** Task **
Give back the data below word for word. Any image in it should be left out.

|---|

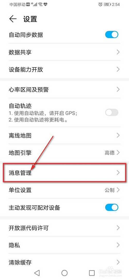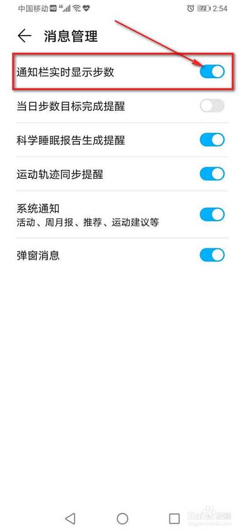 第四步:点击“消息管理”,点亮“通知栏实时显示步数”旁的小滑块。
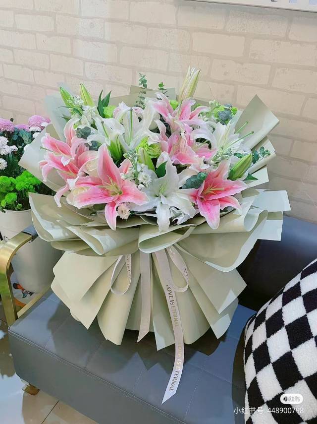 33支粉康乃馨+2支白百合花束,款式如图 |
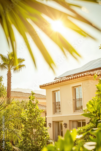 Discover a Serene Oasis: A Beautifully Designed Home Adorned with Tropical Plants and Sustainable Features Bathed in Glorious Sunlight.
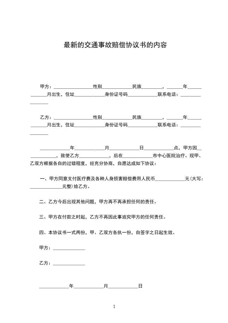 最新的交通事故赔偿协议书的内容
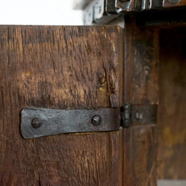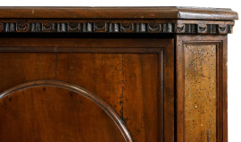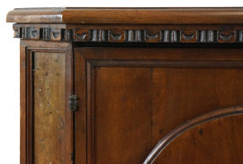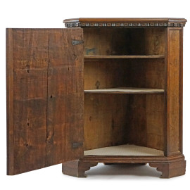 Angoliera in noce, XVIII secolo, fascia dentellata, fronte ad uno sportello, piedi a mensola, cm h 94x54, (difetti).
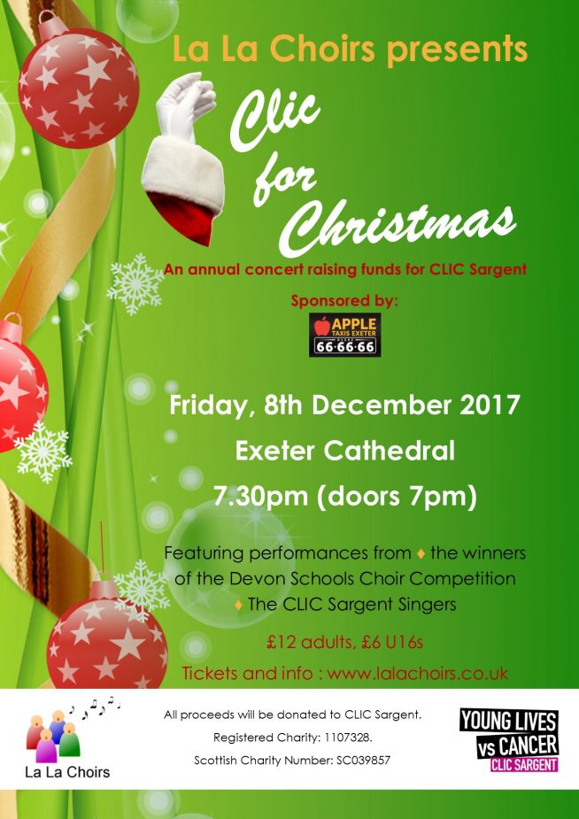 On Friday 8th December this year La La Choirs will perform the 3rd annual ‘CLIC for Christmas’ concert at Exeter Cathedral in aid of CLIC Sargent, the UK’s leading cancer charity for children and young people. In 2015 we raised £9,600, in 2016 we raised £12,000 and for 2017 we are aiming even higher! We are thrilled to welcome headline sponsors Apple Taxis on board this year, and with their support we know we can help more families through the most traumatic time of their lives.

|---|

** Task output **
 第四步:点击“消息管理”,点亮“通知栏实时显示步数”旁的小滑块。
 33支粉康乃馨+2支白百合花束,款式如图 |
 Discover a Serene Oasis: A Beautifully Designed Home Adorned with Tropical Plants and Sustainable Features Bathed in Glorious Sunlight.
 最新的交通事故赔偿协议书的内容
 Angoliera in noce, XVIII secolo, fascia dentellata, fronte ad uno sportello, piedi a mensola, cm h 94x54, (difetti).
 On Friday 8th December this year La La Choirs will perform the 3rd annual ‘CLIC for Christmas’ concert at Exeter Cathedral in aid of CLIC Sargent, the UK’s leading cancer charity for children and young people. In 2015 we raised £9,600, in 2016 we raised £12,000 and for 2017 we are aiming even higher! We are thrilled to welcome headline sponsors Apple Taxis on board this year, and with their support we know we can help more families through the most traumatic time of their lives.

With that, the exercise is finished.